La liberté d’organisation du travail, le télétravail et le droit au repos

Un salarié, chef de projet, travaillant deux jours par semaine sur site et trois jours en télétravail, se suicide sur le trajet entre son domicile et son lieu de travail, après avoir indiqué la veille à son psychiatre qu’il était épuisé par son travail. 

Ses ayants-droits saisissent le Conseil de prud’hommes en paiement de dommages-intérêts pour violation du droit au repos.

Ils font valoir que la charge de travail du salarié l’obligeait à travailler au-delà de l’amplitude légale, et le privant par conséquent des 11 heures de repos quotidien obligatoires. A l’appui de leurs prétentions, ils produisent notamment un rapport de l’inspection du travail retraçant ses heures de début et de fin de travail sur quelques jours non consécutifs, des mails adressés par le salarié en télétravail, ainsi que des relevés ponctuels d’heures d’arrivée et de départ du bureau. Ils estiment en conséquence que l’amplitude ainsi démontrée ne permettait pas au salarié de bénéficier de ses temps de repos quotidien.
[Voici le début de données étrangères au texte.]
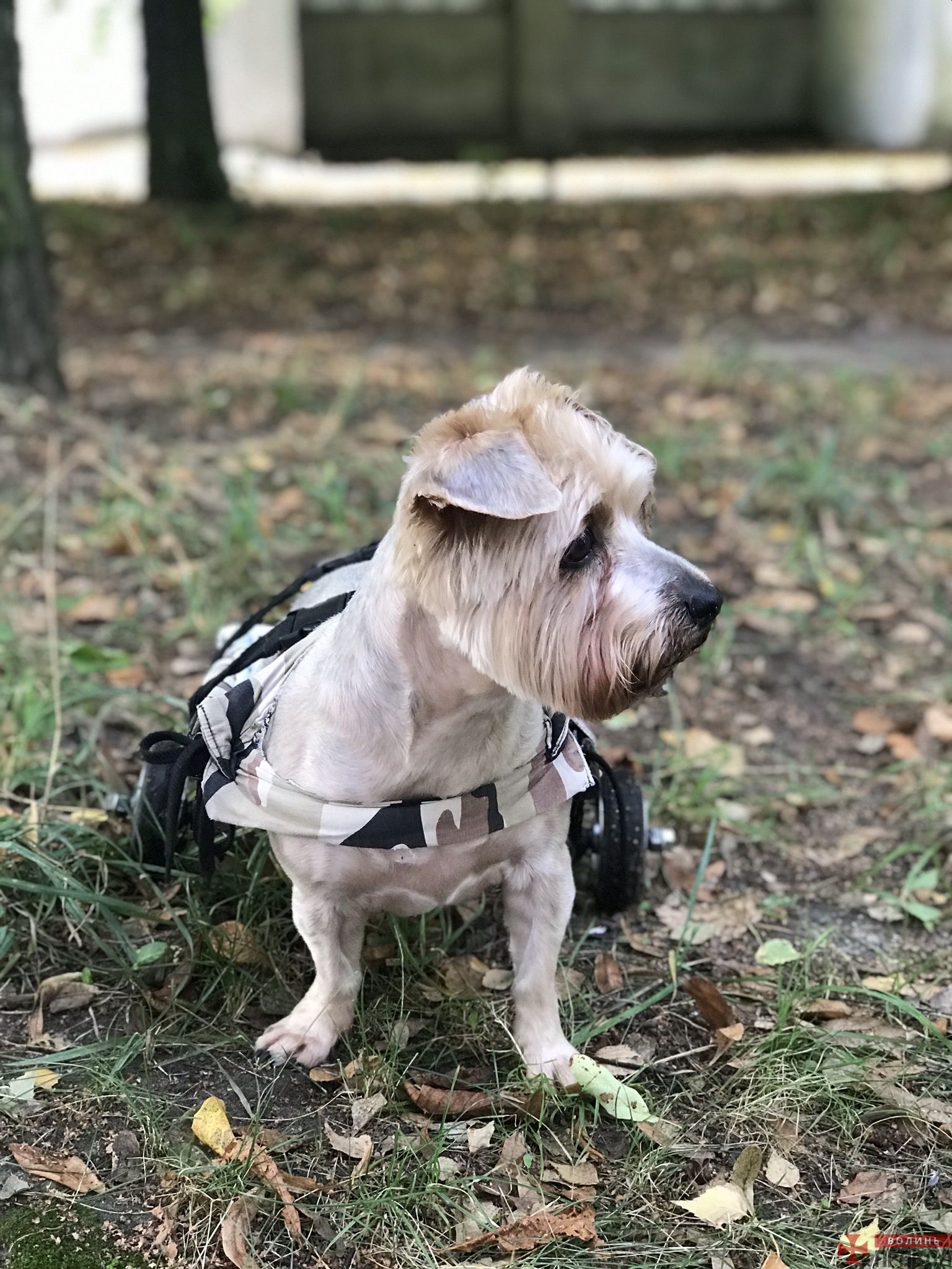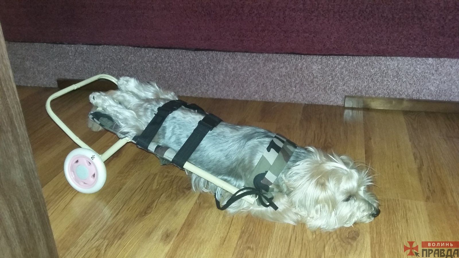 Першу коляску для йорка вони зробили із іграшкової. Жінка розповідає, що у місті немає зручних умов, як для людей з інвалідністю, так і для тварин. У багатьох приміщеннях немає пандусів, і тоді вона носить Гуччі на руках. Пес дуже дружелюбний і добрий, грається з пташками, котиками.

L’employeur soulignait quant à lui le fait que le rapport de l’inspection du travail se fondait sur une amplitude horaire et non un temps de travail effectif, sans tenir compte des différentes pauses du salarié qui « débadgeait » dans la journée. Il fait valoir que le salarié disposait d’une grande liberté dans l’organisation de son travail, qu’il décalait de lui-même ses horaires de travail, notamment pour éviter les heures de pointe.

En appel, les juges déboutent les ayants-droits, considérant qu’« il n’est pas démontré la violation par l’employeur de la législation sur le droit au repos, alors que le salarié effectuait deux jours en télétravail à son domicile et conservait une liberté d’organisation de son temps de travail en fonction de ses déplacements en Île de France  (…). L’amplitude horaire entre le premier mail envoyé et le dernier, sans en connaître d’ailleurs la teneur pour savoir s’il correspondait à un travail effectif de sa part, ne permettait pas d’affirmer qu’il était en permanence à son poste de travail et qu’il ne bénéficiait pas normalement de ses repos quotidiens ».

L’arrêt est cassé par la Haute Juridiction. Elle rappelle que « la preuve du respect des seuils et plafonds prévus par le droit de l’Union européenne et des durées maximales de travail fixées par le droit interne incombe à l’employeur ».

En conséquence, la Cour de cassation juge que la cour d’appel a inversé la charge de la preuve en considérant que les éléments rapportés par les ayants droits étaient insuffisants pour justifier la preuve de la violation du droit au repos quotidien, alors qu’il appartenait à l’employeur de démontrer le respect de son obligation.

Ainsi, la liberté dans l’organisation du travail du salarié ou la situation de télétravail, n’entre pas en ligne de compte dans l’obligation qu’a l’employeur de s’assurer du respect des temps de repos quotidien et hebdomadaire.